My name is Omowale Ajala. Omowale was actually given to me by my company’s matron and people started calling me that. She has now even adopted me as her ‘son.’ I gave myself Ajala as I have been travelling a lot in Nigeria. I have travelled and worked in 13 states in Nigeria.

18 Comments

  1. TeeTee

    August 30, 2016 at 1:32 am

    Lol….this article made my heart smile. Omowale Ajala indeed!

  2. Seriously

    August 30, 2016 at 3:55 am

    This guy seems genuinely interested in the Nigerian culture. I love how he knows what he’s talking about by adding history, and details. Cool guy.

    • le coco

      August 30, 2016 at 7:28 am

      abi.. For a french man to be interested in any other country says a lot about him.. The French are Notoriously horrible travellers.. but This guy is so impressive..

  3. Californiabawlar

    August 30, 2016 at 4:46 am

    Sloooooow clap ??????????

    I knew my own Tosyn cannot just follow one kind of anyhow man…but I must say this man right here beat my expectations.
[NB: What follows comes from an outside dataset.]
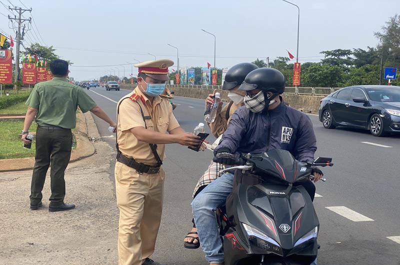 Lực lượng Đoàn thanh niên Công an H.Thống Nhất phát nước, khăn lạnh cho người dân về quê dịp lễ 30-4

Chop knuckle!

    Area!

    • Tosin

      August 30, 2016 at 9:23 pm

      🙂
      Nice interview fo’real.

  4. Mama

    August 30, 2016 at 5:27 am

    Quite an interesting and enjoyable interview.

  5. praizeblog.com

    August 30, 2016 at 8:13 am

    interesting

  6. Lol

    August 30, 2016 at 8:43 am

    Acutely intelligent. So apt – diplomatic. Lol almost like DGSE!

  7. Temi

    August 30, 2016 at 8:52 am

    I like the guy,so real

  8. AANUOLUWAPO OYEDELE

    August 30, 2016 at 10:18 am

    wow, very intelligent n interesting interview

  9. Fey

    August 30, 2016 at 1:01 pm

    Woow this is interesting i actually also love Nigerians for their energy and optimism.Great people to be with.

  10. Adio_Braimoh

    August 30, 2016 at 1:23 pm

    So inciteful and heartwarming. I love the short interview. If he’s favourite fun spot is the New Afrika Shrine, why is he not reckoning @FemiAkuti he’s our present voice of Afrobeat Music.

  11. Tee

    August 30, 2016 at 1:31 pm

    This is so heart warming, a foreigner showing so much understanding of Naija, most Nigerians don’t even appreciate what they have , instead always like to portray themselves as oyinbo all in attempt to manipulate and oppress. thought our culture tend to give foreigners a welcoming atmosphere and couple with decades of social conditioning which affects our ability to project confidence both at home and on international arena .As for Fela being an icon; it is beyond contest that Fela is a true patriot who spends his entire life on a mission to enlighten and bring change. Thanks for a lovely interview.

  12. Single Shalewa, Bitter Bintu!

    August 30, 2016 at 3:51 pm

    I smiled all through, amazing responses. He seems to be a very simple, easy to please person. I like that Fatai Rolling Dollar – She go run away reply. LOL!

    By the way, I’m trying to understand why he’s being interviewed. I’m not being hateful or shady but i think the oyinbo-skin-is-a-tourist-attraction mentality is a big problem here. Punch would not interview him if Tosin was married to a Nigerian man. Oyinbos don’t drool over us, rush to interview us when we marry their kin.
    It’s not a big deal if an African speaks English, but let’s see a Caucasian speak Swahili, we start giggling and posting on SM. Sigh!

    • californiabawlar

      August 30, 2016 at 6:48 pm

      Maybe it’s a plug for his company?

    • Gerrard59

      August 31, 2016 at 1:02 am

      It shouldn’t be as no European nation has Swahili as its official language. Africa is roughly divided into Anglophone and Francophone countries.

  13. tunmi

    August 30, 2016 at 7:44 pm

    I am impressed… And I’m also siding with @Single Shalewa, Bitter Bintu! Why is he being interviewed?

    • aj

      August 31, 2016 at 12:04 am

      The African mentality is the reason why he was interviewed. I enjoyed reading it though.